DATASET RECORDS ::
<<<<

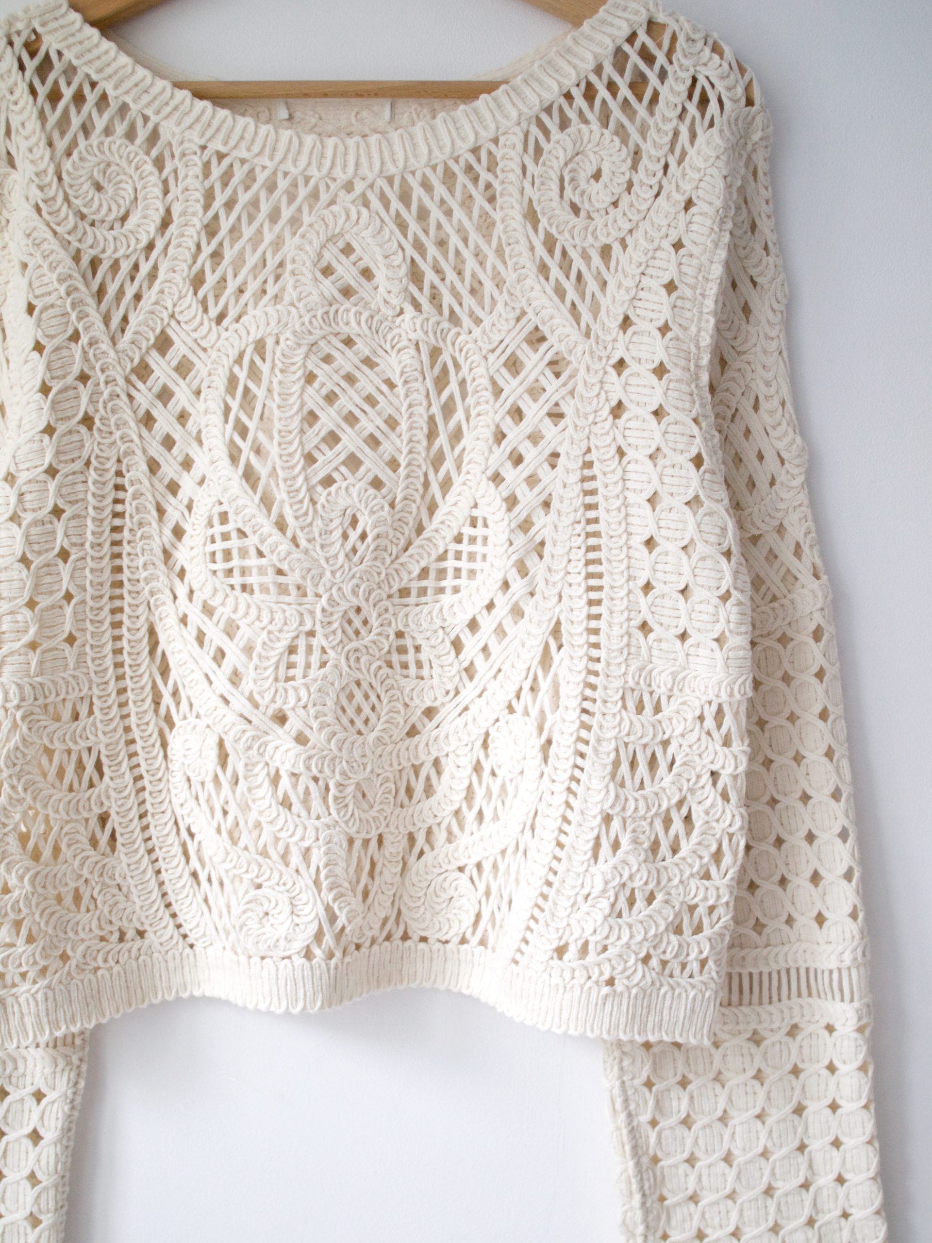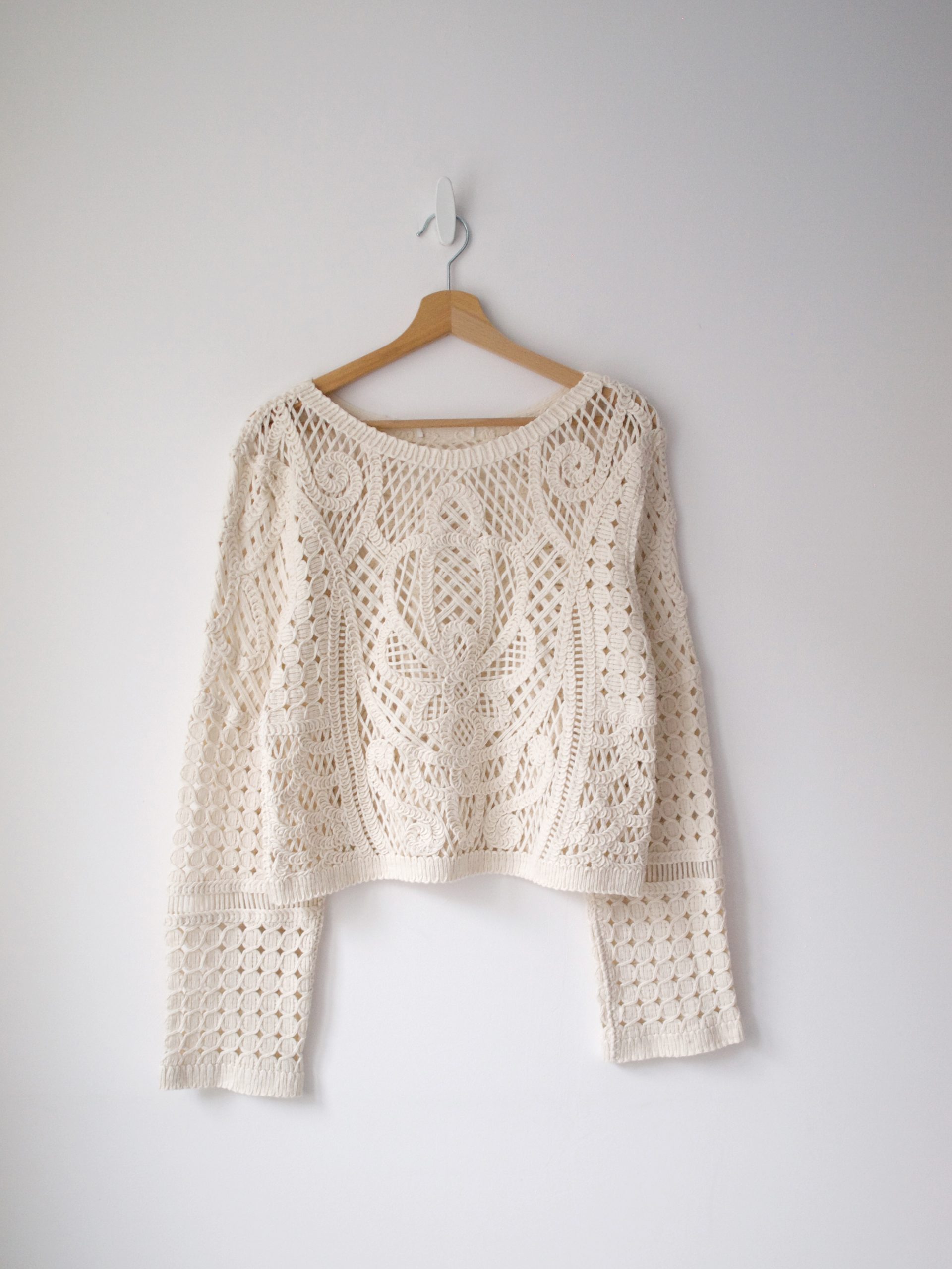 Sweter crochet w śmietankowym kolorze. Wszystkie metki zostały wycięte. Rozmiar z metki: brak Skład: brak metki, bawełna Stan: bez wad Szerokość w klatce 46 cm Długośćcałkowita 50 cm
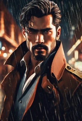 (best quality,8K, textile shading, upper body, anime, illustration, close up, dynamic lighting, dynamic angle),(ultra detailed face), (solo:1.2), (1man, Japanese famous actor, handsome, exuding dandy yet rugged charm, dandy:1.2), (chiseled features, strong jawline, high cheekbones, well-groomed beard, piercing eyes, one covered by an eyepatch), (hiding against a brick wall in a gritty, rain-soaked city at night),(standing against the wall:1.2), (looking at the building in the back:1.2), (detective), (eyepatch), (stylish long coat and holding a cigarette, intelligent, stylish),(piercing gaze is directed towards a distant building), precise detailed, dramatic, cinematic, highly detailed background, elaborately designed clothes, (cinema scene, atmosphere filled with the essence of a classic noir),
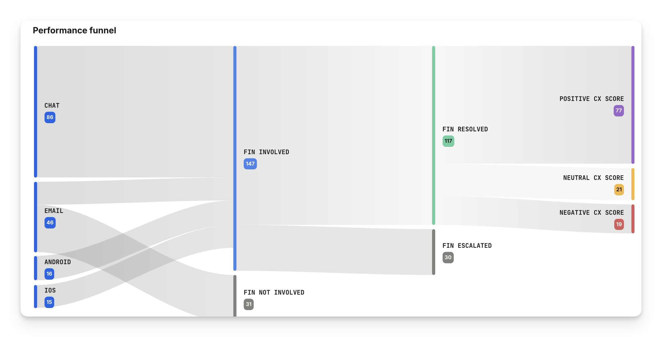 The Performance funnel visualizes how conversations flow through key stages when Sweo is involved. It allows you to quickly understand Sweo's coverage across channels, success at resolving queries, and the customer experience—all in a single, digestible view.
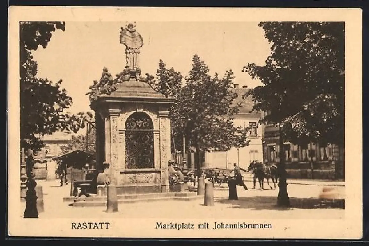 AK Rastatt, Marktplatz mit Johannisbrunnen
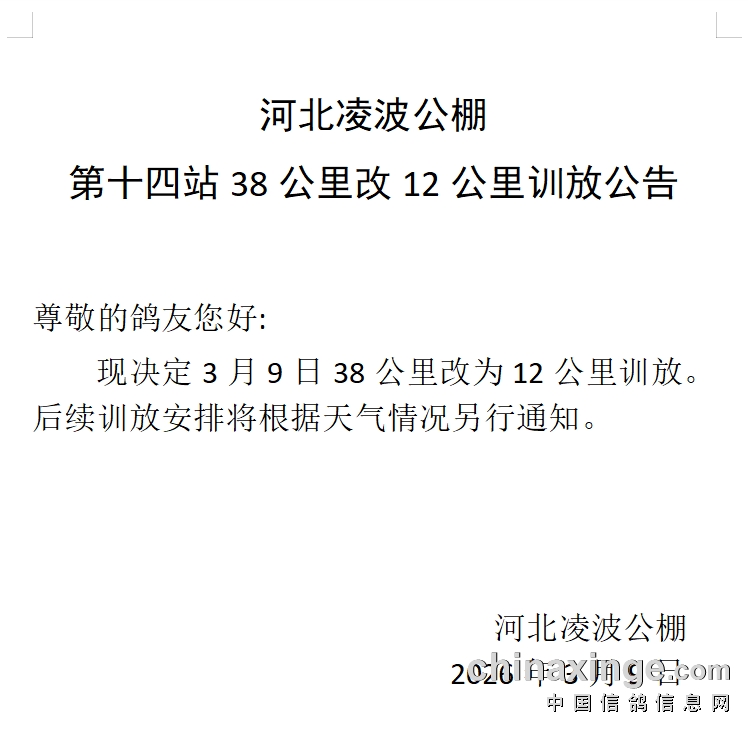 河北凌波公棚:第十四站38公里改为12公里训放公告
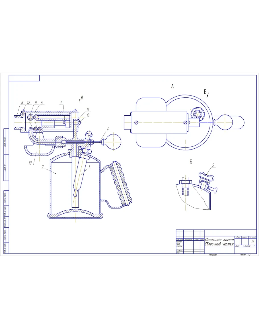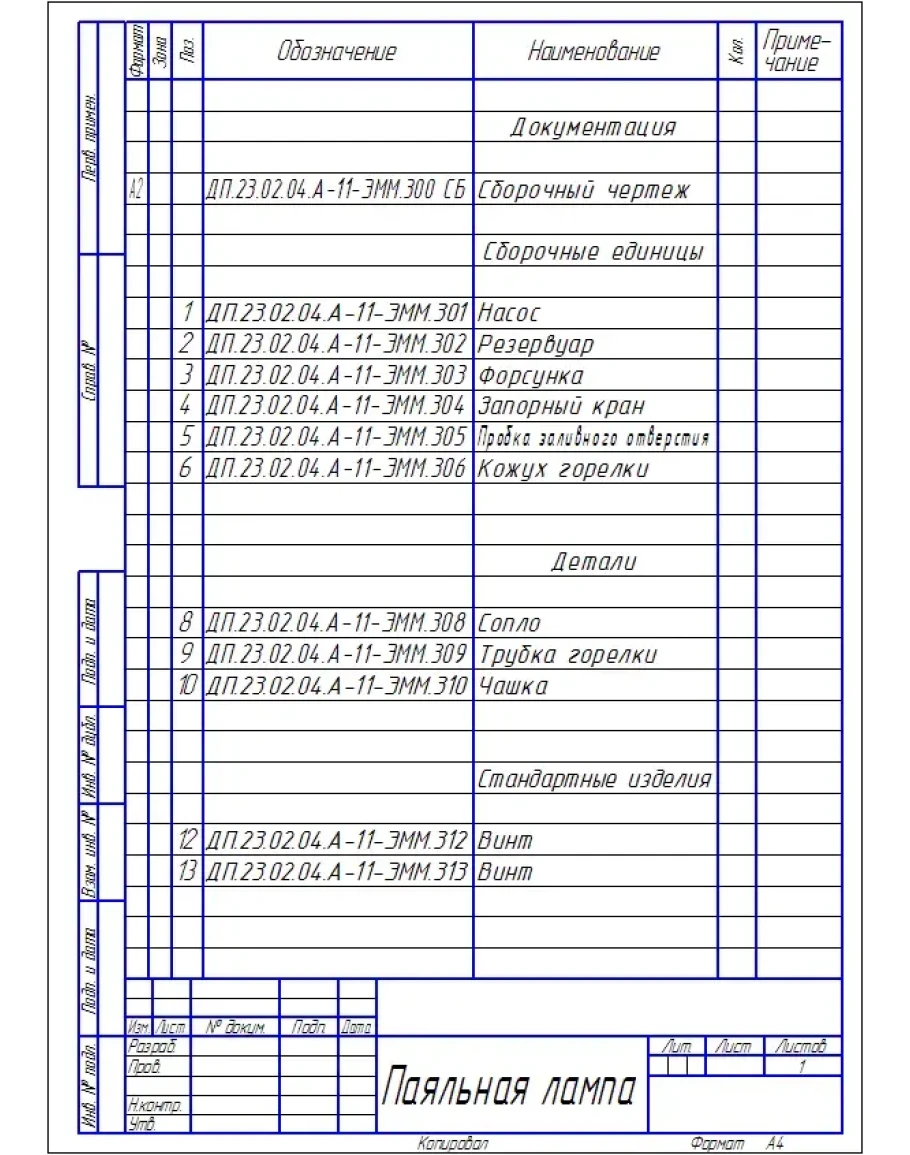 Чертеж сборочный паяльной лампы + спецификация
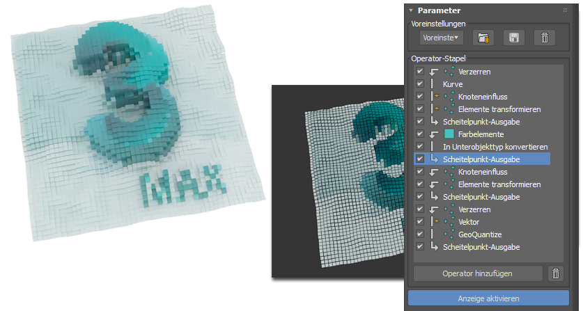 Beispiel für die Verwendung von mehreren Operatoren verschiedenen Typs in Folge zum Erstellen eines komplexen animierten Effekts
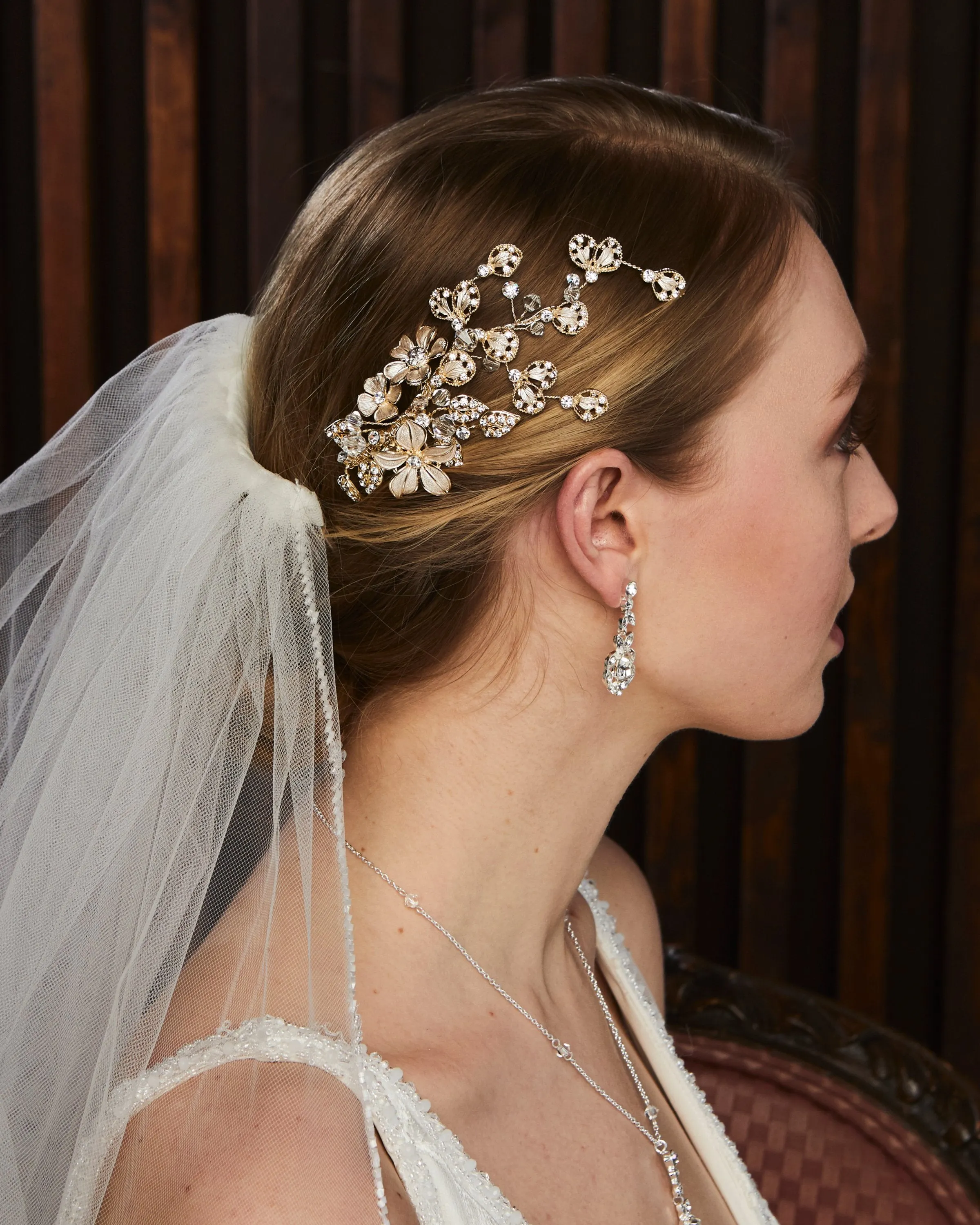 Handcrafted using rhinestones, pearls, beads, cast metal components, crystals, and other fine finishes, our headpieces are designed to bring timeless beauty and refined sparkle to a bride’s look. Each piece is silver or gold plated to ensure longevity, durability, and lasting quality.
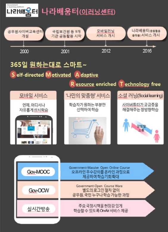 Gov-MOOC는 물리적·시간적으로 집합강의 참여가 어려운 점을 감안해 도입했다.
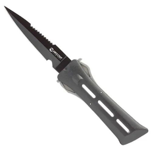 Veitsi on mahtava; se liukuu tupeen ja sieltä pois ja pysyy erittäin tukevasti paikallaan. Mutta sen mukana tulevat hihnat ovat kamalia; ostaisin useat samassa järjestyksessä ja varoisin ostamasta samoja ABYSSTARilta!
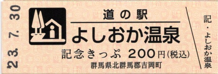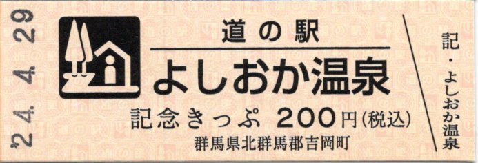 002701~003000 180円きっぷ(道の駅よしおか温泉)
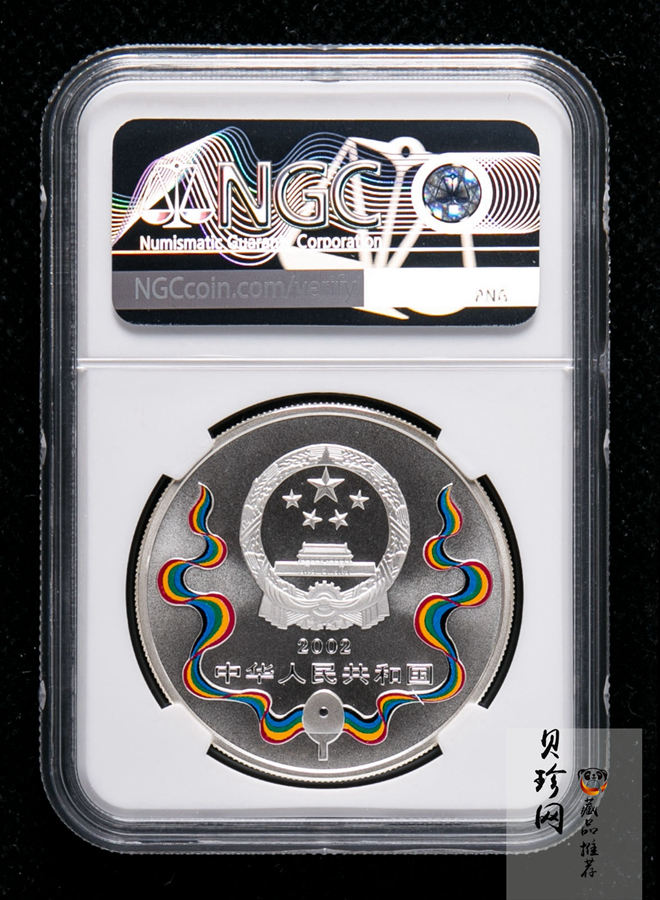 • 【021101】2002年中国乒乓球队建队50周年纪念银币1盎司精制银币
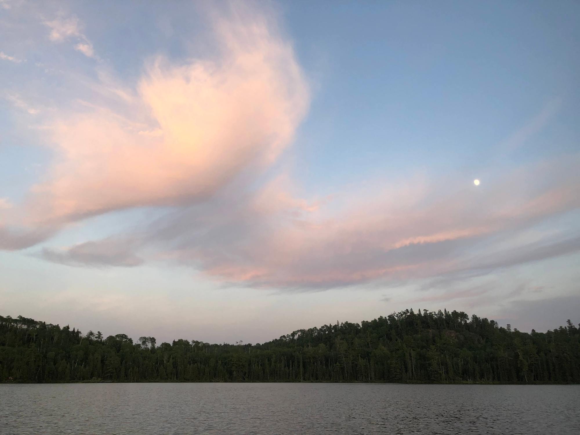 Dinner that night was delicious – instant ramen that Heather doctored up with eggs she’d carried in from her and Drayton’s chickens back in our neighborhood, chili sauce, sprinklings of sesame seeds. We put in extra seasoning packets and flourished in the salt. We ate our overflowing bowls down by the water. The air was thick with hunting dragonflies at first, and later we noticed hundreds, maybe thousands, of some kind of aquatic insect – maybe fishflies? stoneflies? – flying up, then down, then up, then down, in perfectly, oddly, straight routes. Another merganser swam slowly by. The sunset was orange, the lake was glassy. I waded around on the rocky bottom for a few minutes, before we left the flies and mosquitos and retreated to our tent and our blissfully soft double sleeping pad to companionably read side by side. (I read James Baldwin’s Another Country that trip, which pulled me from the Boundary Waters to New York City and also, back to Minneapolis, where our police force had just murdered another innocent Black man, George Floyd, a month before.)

>>>>

EXERCISE PROMPT :: Copy only these lines from the records above, exactly: the one with "The Performance funnel", the one with "Handcrafted using rhinestones, pearls, beads, cast", and those between. Skip the pictures.

ANSWER AREA ::
 The Performance funnel visualizes how conversations flow through key stages when Sweo is involved. It allows you to quickly understand Sweo's coverage across channels, success at resolving queries, and the customer experience—all in a single, digestible view.
 AK Rastatt, Marktplatz mit Johannisbrunnen
 河北凌波公棚:第十四站38公里改为12公里训放公告
 Чертеж сборочный паяльной лампы + спецификация
 Beispiel für die Verwendung von mehreren Operatoren verschiedenen Typs in Folge zum Erstellen eines komplexen animierten Effekts
 Handcrafted using rhinestones, pearls, beads, cast metal components, crystals, and other fine finishes, our headpieces are designed to bring timeless beauty and refined sparkle to a bride’s look. Each piece is silver or gold plated to ensure longevity, durability, and lasting quality.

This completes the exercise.